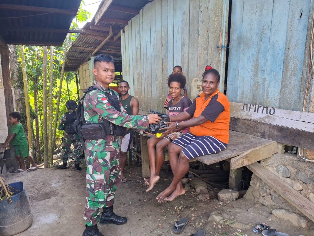 Kabupaten Keerom- Mempererat tali silaturahmi dengan masyarakat Pos ampas Satgas Pamtas RI-PNG Yonif 122/Tombak Sakti memberikan bingkisan kepada masyarakat Kampung Ampas, Disrik waris, keerom, papua(26-06-2024).
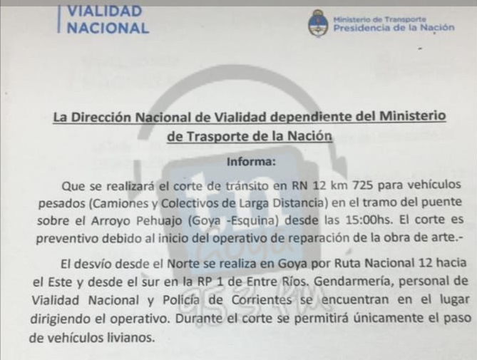 El pasado 25 de enero se interrumpió debido al socavamiento de una alcantarilla en la Ruta Nacional N° 12 a 70 km al sur de Goya, ahora desde las 15 hs, se interrumpe de manera preventiva por trabajos de obra, el paso a camiones y colectivos de larga distancia, informaron las autoridades. Advirtiendo que el desvió desde el norte por dicha ruta es hacia el este y desde el sur Ruta Provincial 1 de Entre Ríos, reza el comunicado de Vialidad Nacional.
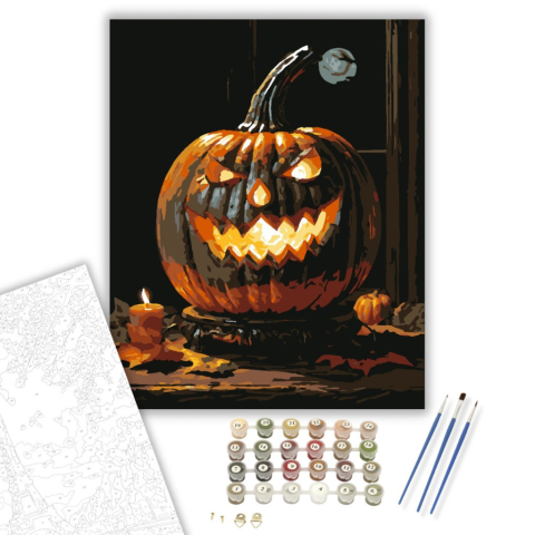 1 kép Számfestő.hu Viharos éj töklámpással - számfestő készlet – 40×50 cm (Keretre feszítve)
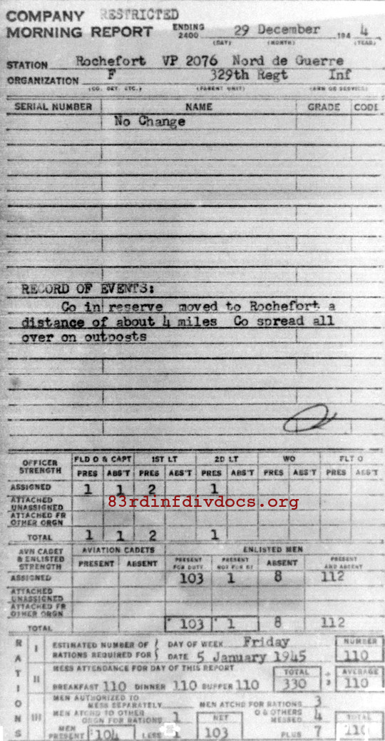 Co in reserve moved to Rochefort a distance of about 4 miles. Co spread all over outposts.
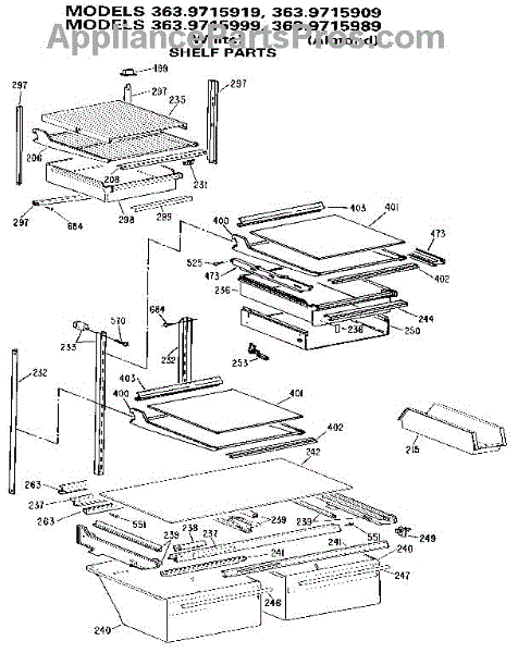 Parts for Kenmore 363.9715909 (3639715909, 363 9715909): Shelf Parts

• **Task to complete**: Without the pictures, repeat exactly the lines running from the line containing "Co in reserve" through the end of the data, both ends included.

• **Exercise result**:
 Co in reserve moved to Rochefort a distance of about 4 miles. Co spread all over outposts.
 Parts for Kenmore 363.9715909 (3639715909, 363 9715909): Shelf Parts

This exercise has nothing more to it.